● Information supplied
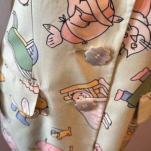 Moschino Couture Cat Dog Baby Cartoon Mint Green Silk Blazer Jacket Vint…
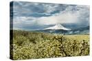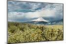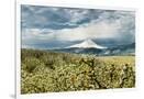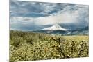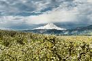 USA, Oregon, Hood River. Mt. Hood Looms over Apple Orchard
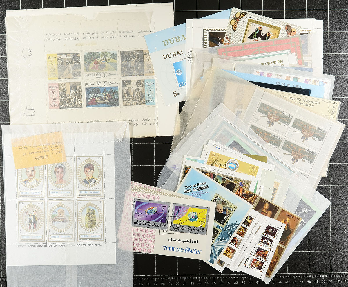 Lovely group of primarily never hinged worldwide souvenir sheets, generally ranging from the 1960's to the 1990's, containing roughly 350 with most in individual glassines, noting better representation from British Commonwealth, Middle East, Asia (Thailand in particular) and a few other countries. The lot also includes 35 dealer stock cards containing primarily imperforate pair sets from St. Vincent (all identified by catalogue number). The strength of the lot is the many topical and thematic subjects found within including Disney, Elvis, transportation (including space), nature, famous people, sports, Olympics, and more. A nice clean lot with a variety of uses for collectors and dealers alike. Estimate =
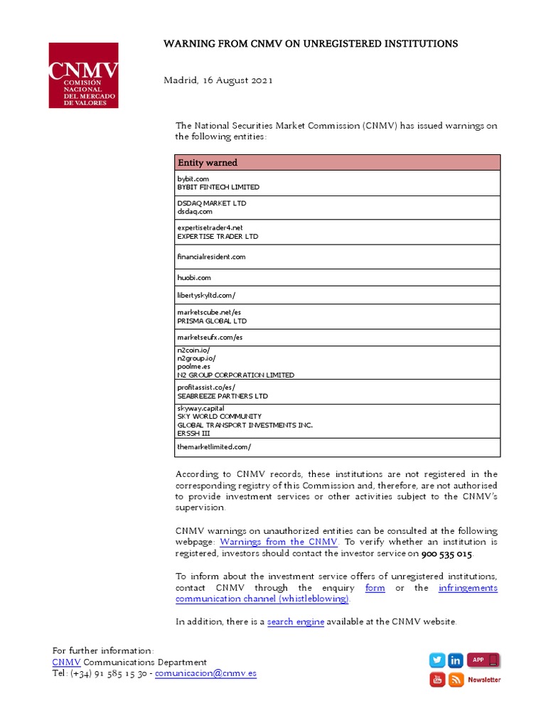 WARNING FROM CNMV ON UNREGISTERED INSTITUTIONS

● Exercise prompt
Copy nothing but the lines from the line that contains "Lovely group of" through the end of the listing, exactly, and keep pictures out of it.

● Solved exercise
 Lovely group of primarily never hinged worldwide souvenir sheets, generally ranging from the 1960's to the 1990's, containing roughly 350 with most in individual glassines, noting better representation from British Commonwealth, Middle East, Asia (Thailand in particular) and a few other countries. The lot also includes 35 dealer stock cards containing primarily imperforate pair sets from St. Vincent (all identified by catalogue number). The strength of the lot is the many topical and thematic subjects found within including Disney, Elvis, transportation (including space), nature, famous people, sports, Olympics, and more. A nice clean lot with a variety of uses for collectors and dealers alike. Estimate =
 WARNING FROM CNMV ON UNREGISTERED INSTITUTIONS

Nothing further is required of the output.